Open Design began to shift away from a focus on the "patronage" model in 2008, releasing titles such as the Zobeck Gazetteer (2008) to the public, and began publishing products entirely outside the "patronage" model in 2011, including a series of game design guidebooks. In 2012, Open Design began producing books under the imprint "Kobold Press"; by the end of the year, the company had ceased publishing as Open Design and exclusively published products as Kobold Press.

In 2014, Wizards of the Coast commissioned Kobold Press to create the two adventures for the initial Tyranny of Dragons storyline for Dungeons & Dragons 5th Edition, Hoard of the Dragon Queen (2014) and The Rise of Tiamat (2014).

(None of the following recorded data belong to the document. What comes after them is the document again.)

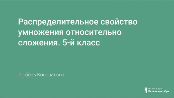 Цель урока: применять распределительное свойство умножения для рациональных способов вычисления. Работая много лет, я замечаю, насколько сложно дается данная тема пятиклассникам. Порой слышу от ребенка, что он сосчитает и без распределительного свойства. Я задаю пример и один ученик решает используя свойство, а другой по действиям.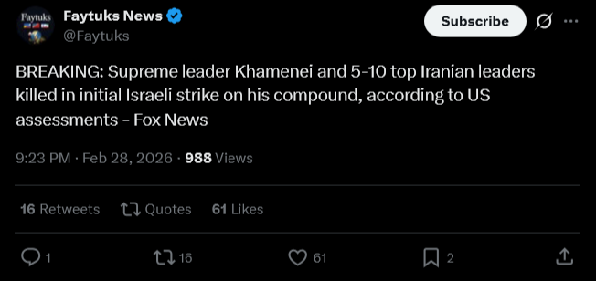 >BREAKING: Supreme leader Khamenei and 5-10 top Iranian leaders killed in initial Israeli strike on his compound according to US assessments - Fox News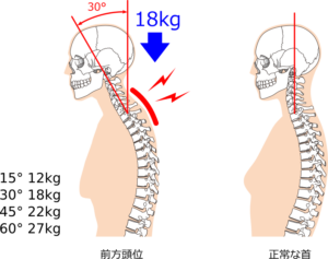 その重たい頭が体の中心から前にズレると,首や肩,背中,腰にまで負担がかかり,結果として全身の姿勢が崩れていきます。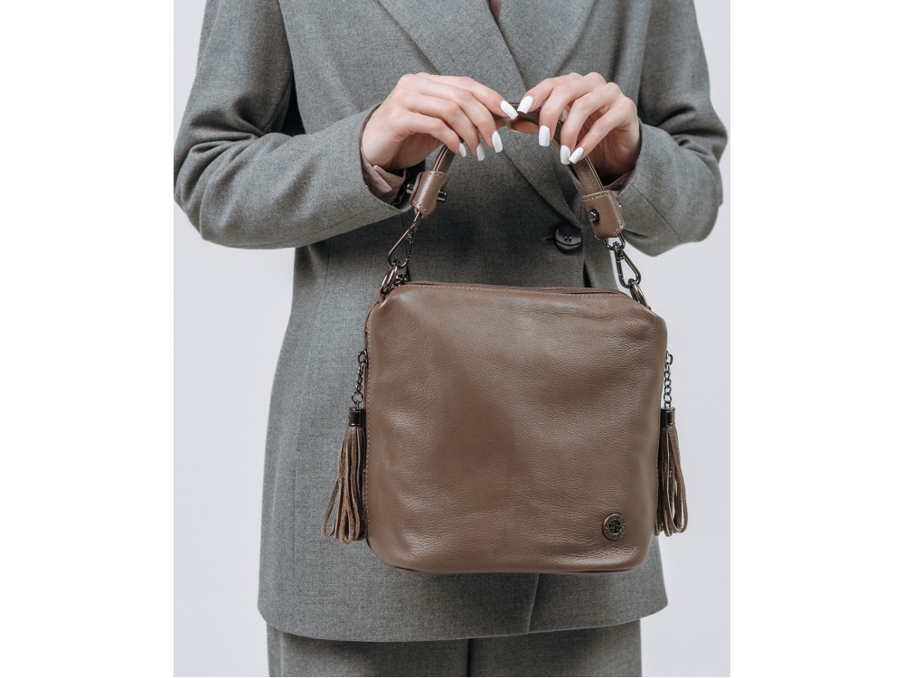 Размер: 36/11,5/15 Вес товара без упаковки Состав: Натуральная кожа Вид застежки: молния Описание: Сумка женская из натуральной кожи с регулиремой ручкой, с помощью которой можно носить сумку как... Показать описание на плече, так и в руках. Внури сумки одно основное отделение с дополнительными карманами для мелочей.
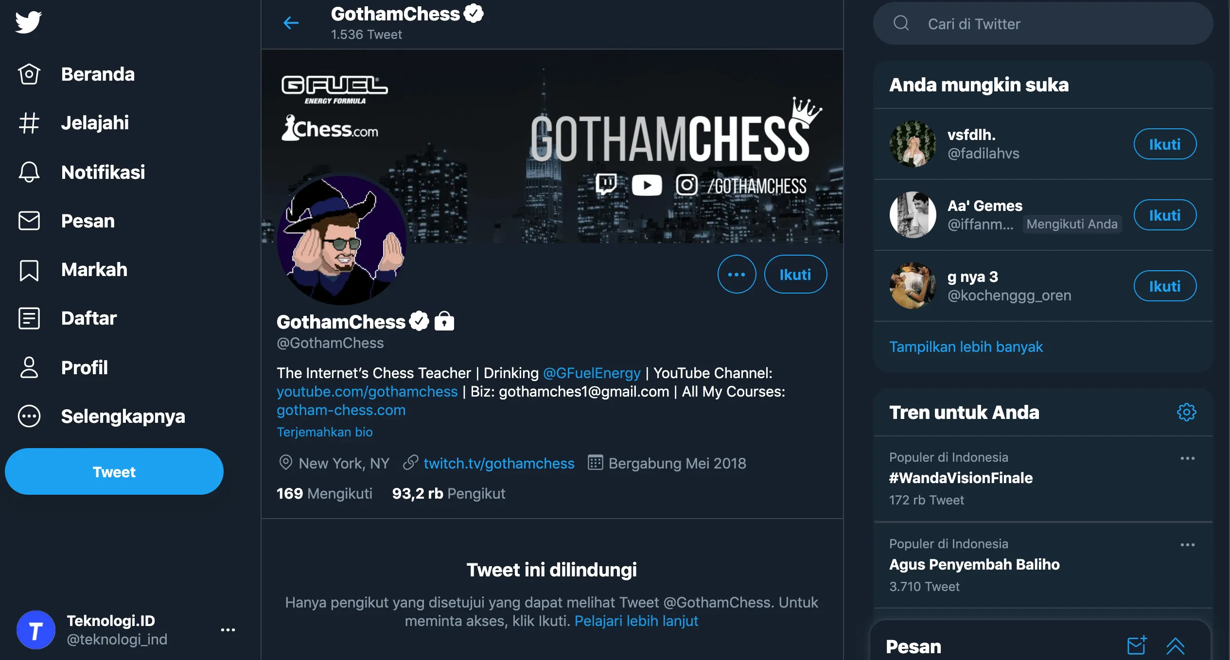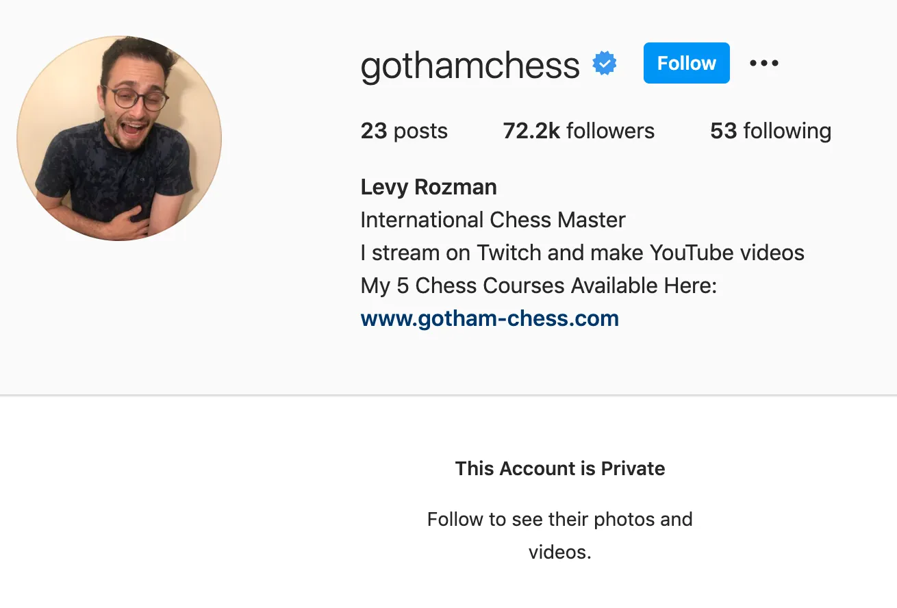 Berdasarkan pantauan Teknologi.id, Jumat (5/3/2021), Levy Rozman saat ini telah menggembok akun GothamChess miliknya yang ada di Twitter maupun di Instagram.
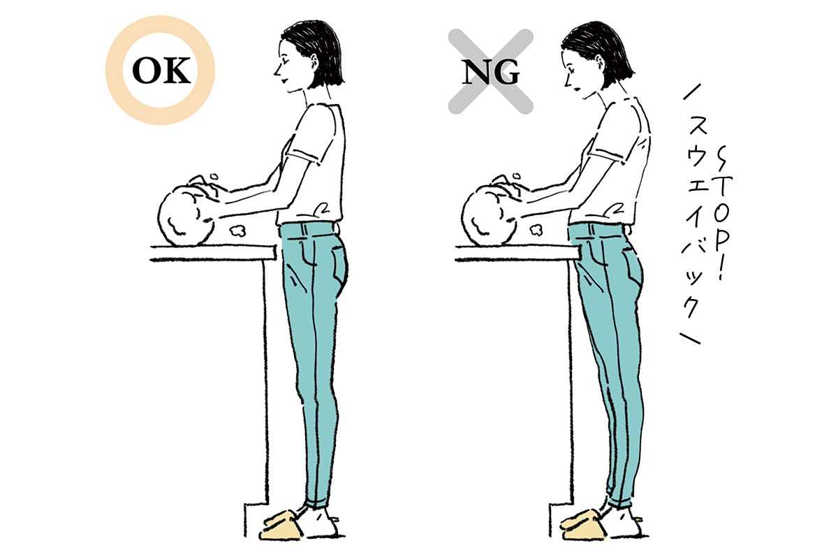 物を取るときは、しっかり股関節を曲げてしゃがんで取るようにしましょう。お尻や脚の筋肉を効率よく使えることで、腰への負担もなくせるので良いことしかありません。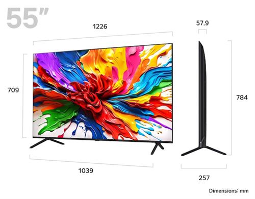 Com uma cor preta elegante, a Smart TV LG 55" complementa qualquer decoração. As suas dimensões, sem base, são de 1226 x 709 x 57,9 mm, e com o suporte VESA compatível de 300 x 300, a instalação na parede ou em suportes torna-se simples e adaptável a qualquer espaço.

Leaked documents from Wizard of the Coast in January 2023 suggested that Wizards planned to change the Open Game License (OGL), developed for its Dungeons & Dragons products, to be more restrictive and potentially harm third-party content creators. In response to the OGL leak, Paizo announced plans to develop a new license called the Open RPG Creative License (ORC) – this would be an open, perpetual, and irrevocable system-agnostic license stewarded by a nonprofit. Additional publishers, such as Kobold Press, will also be part of the ORC development process. Polygon reported that "in the weeks that Hasbro spent publicly flailing, customers spent an extraordinary amount of money investing in its competition". Kobold Press informed Polygon "that its sales quadrupled in January".

Games and products
As Open Design, the company's products included the magazine Kobold Quarterly; a line of game design guidebooks, such as The Kobold Guide to Board Game Design (2011) and The Complete Kobold Guide to Game Design (2012); and a number of "patronage"-funded adventures and sourcebooks, many of which were set in the Midgard setting. The Midgard Campaign Setting was originally published in 2012.

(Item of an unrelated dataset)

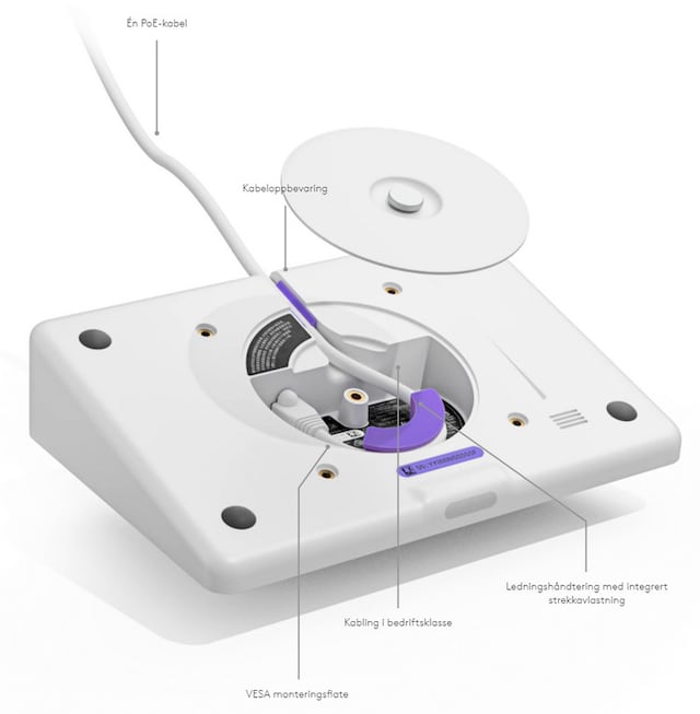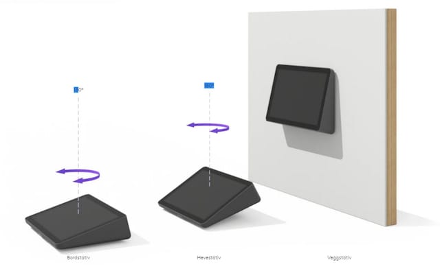 Du kan installere Tap IP så å si hvor som helst i rommet med bord- og hevestativ som passer standard gjennomføringshull i bordet og roter 180° for synlighet og bekvemmelighet. Eller spar bordplass i små rom med veggstativet.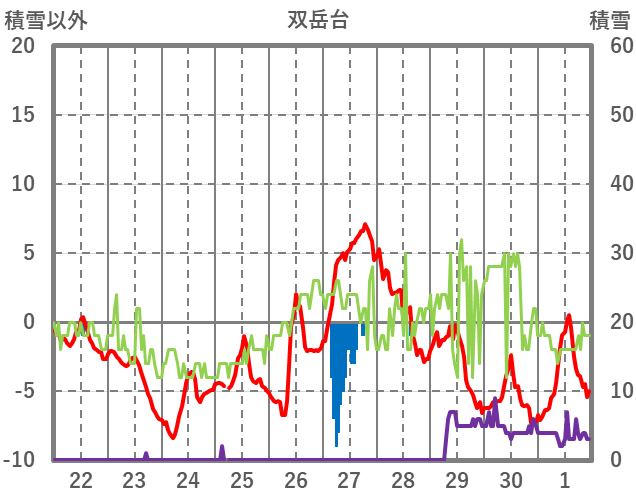 | 日 | 時 | 気温 | 降水 | 風向/風速 | 日照 | 積雪 | 降雪 |

As Kobold Press, the company continues to produce game design guides and material for the Midgard setting, and has moved to Kickstarter to fund additional projects. In 2017, the company ran a Kickstarter to update the Midgard setting with a new edition of the Midgard Campaign Setting (2018); this book is "useable with any fantasy roleplaying system". This Kickstarter also included supplements for specific role-playing game systems such as Midgard Player's Guide for Pathfinder RPG (2018) and Midgard Heroes Handbook for 5th Edition (2018). The company has published other titles compatible with the Pathfinder Roleplaying Game including Deep Magic, Southlands, and the Advanced Races Compendium. Kobold Press has released many Midgard projects compatible with Dungeons and Dragons 5th Edition such as Midgard Heroes for 5th Edition (2015) and Midgard Worldbook for 5th Edition (2021). Compatible adventures and supplements in the Midgard setting have also been released for 13th Age and the AGE System.

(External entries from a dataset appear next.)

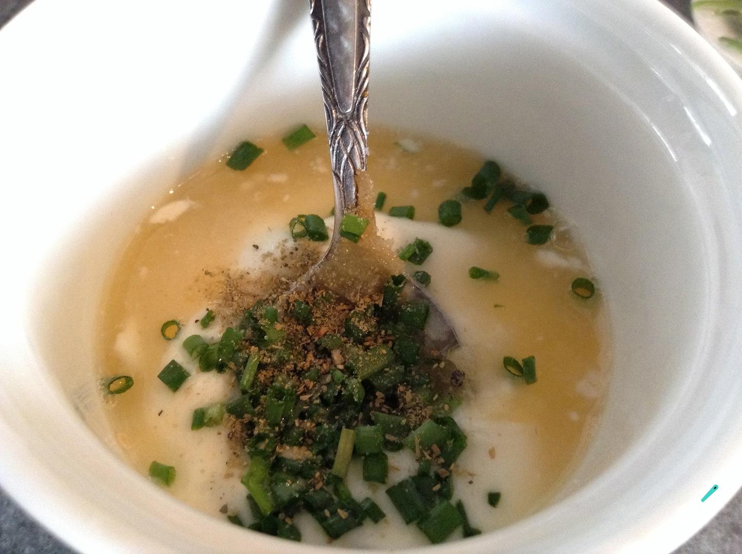 Para fazer o molho de iogurte, numa tigela adicione o iogurte grego, o suco de laranja, a cebolinha, sal, pimenta do reino e pasta de alho a gosto. Misture bem os ingredientes e, se você quiser, também pode adicionar algumas especiarias que goste mais.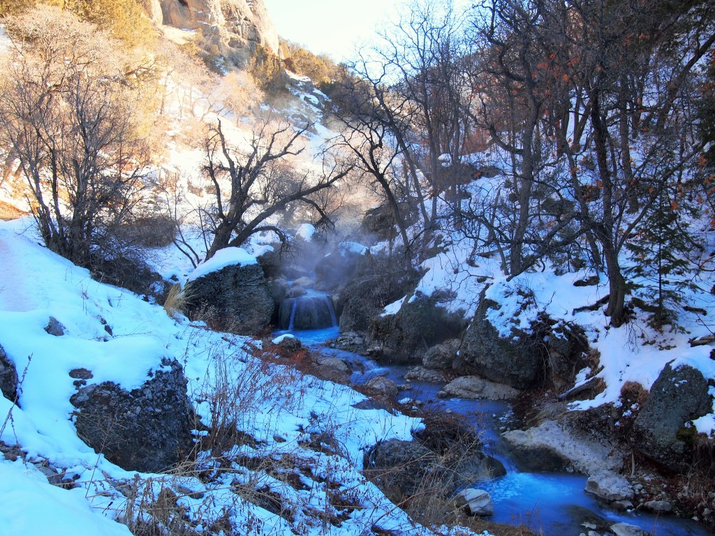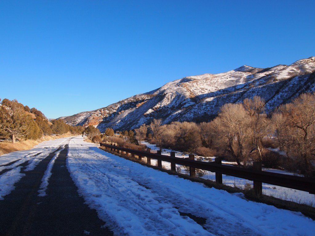 We arrived at the winter gate and began our hike around 9:40am. It was 16 degrees outside, and I was initially concerned because I’d worn my lighter down jacket. At first much of the road was in the shade and it remained very cold. But the portions in the sun quickly warmed us back up. I had been dreading the four extra miles on the road, but it was actually a wonderfully serene walk. The road snaked alongside the Diamond Fork and we were alone for almost the entirety of the walk. I was hoping we could do the first four miles in under two hours. We made it to the trailhead in one!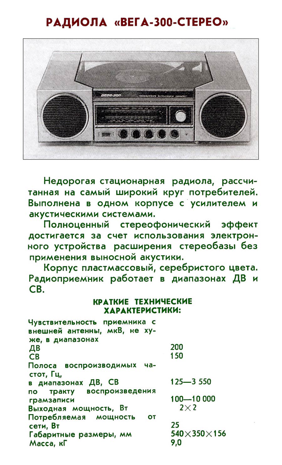 транзисторная радиола 3-го класса "Вега-300-стерео" с 1986 года выпускалась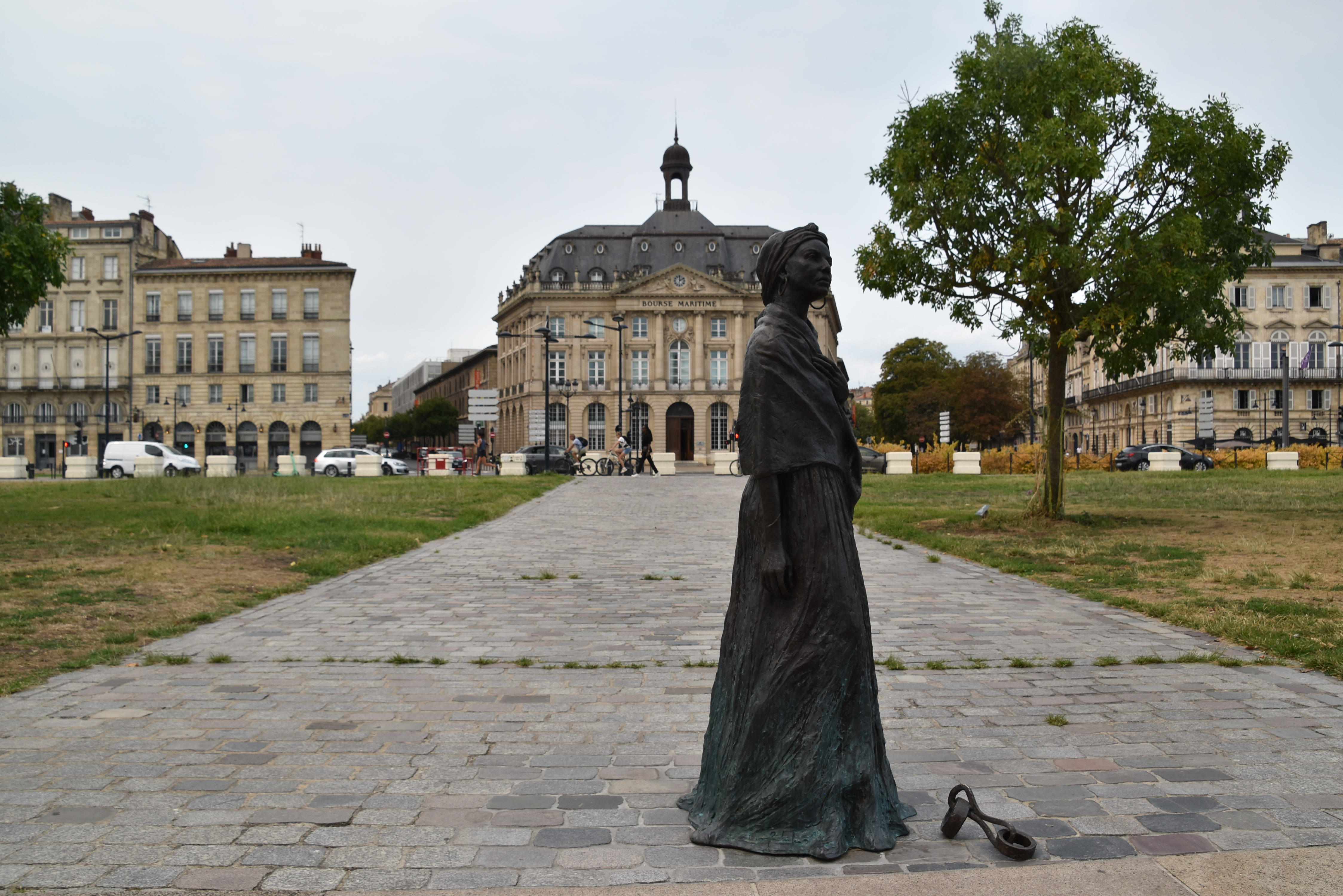 Nous débarquons face à une statue de bronze noire, érigée en 2019 en l’honneur de Modeste Testas, une esclave africaine enlevée lorsqu’elle était adolescente. Il faut dire que Bordeaux s’est enrichie grâce au travail acharné des esclaves noirs. Modeste avait été vendue à deux commerçants de la ville, qui l’avaient envoyée sur l’île d’Haïti, à Saint-Domingue, travailler dans leur sucrerie. En 1795, elle a suivi François Testas aux États-Unis, où il lui a redonné sa liberté, et ce dernier, à sa mort, lui a légué des terres à Saint-Domingue. Elle y est retournée jusqu’à son décès en 1870, à l’âge de 105 ans.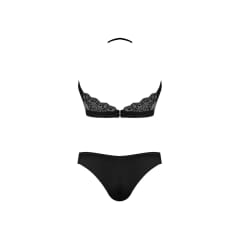 Komplet składa się z efektownego bandeau z wiązaniem typu halter oplatającym szyję oraz wygodnym zapięciem na haftki z tyłu. Dodatkowym atutem są starannie wykonane pasujące majtki z dekoracyjnymi, falbaniastymi wstawkami z koronki i klasycznym fasonem tyłu, ktore podkreślają elegancję oraz dopasowanie do sylwetki.

On January 10, 2023, Kobold Press announced that it was developing an "available, open, and subscription-free" ruleset for tabletop role-playing games codenamed Black Flag. Christian Hoffer, for ComicBook.com, stated that "the announcement is a clear pushback against recent rumored changes to the Open Game License, which provides the framework for publishers such as Kobold Press to make material compatible with Dungeons & Dragons. Kobold Press is one of the largest publishers of third-party D&D 5E material" and "is one of the publishers likely to face the most challenges under the OGL 1.1".

Awards and nominations

Publications

Dungeons & Dragons 5th Edition

Midgard

 Limited Edition Tales of the Old Margreve for 5th edition (2019)
 Tales of the Old Margreve for 5th Edition (2019)
 Necropolis of the Mailed Fist for 5th Edition (2019)
 Enigma Lost in a Maze for 5th Edition (2019)
 Courts of the Shadow Fey Handouts 
 Courts of the Shadow Fey for 5th Edition (Limited Edition) (2019)
 Courts of the Shadow Fey for 5th Edition (2019)
 12 Peculiar Towers for 5th Edition (2018)
 Midgard Sagas for 5th Edition (2018)
 Zobeck Gazetteer for 5th Edition (2018)
 Tomb of Mercy for 5th Edition (2018)
 Midgard Worldbook for 5th Edition and PFRPG (2018)
 Midgard Heroes Handbook for 5th Edition (2018)
 Shadows of the Dusk Queen for 5th Edition (2018)
 Eldritch Lairs for 5th Edition (2018)
 Wrath of the River King (5th Edition) (2018)
 Streets of Zobeck for 5th Edition (2017)
 Demon Cults & Secret Societies for 5th Edition (2017)
 Grimalkin (5th Edition) (2016)
 Blood Vaults of Sister Alkava for 5th Edition (2016)
 Unlikely Heroes for 5th Edition (2016)
 Last Gasp (5th Edition) (2015)
 Tomb of Tiberesh (5th Edition) (2015)
 Cat & Mouse (5th Edition) (2015)
 Midgard Heroes for 5th Edition (2015)
 Southlands Heroes for 5th Edition (2015)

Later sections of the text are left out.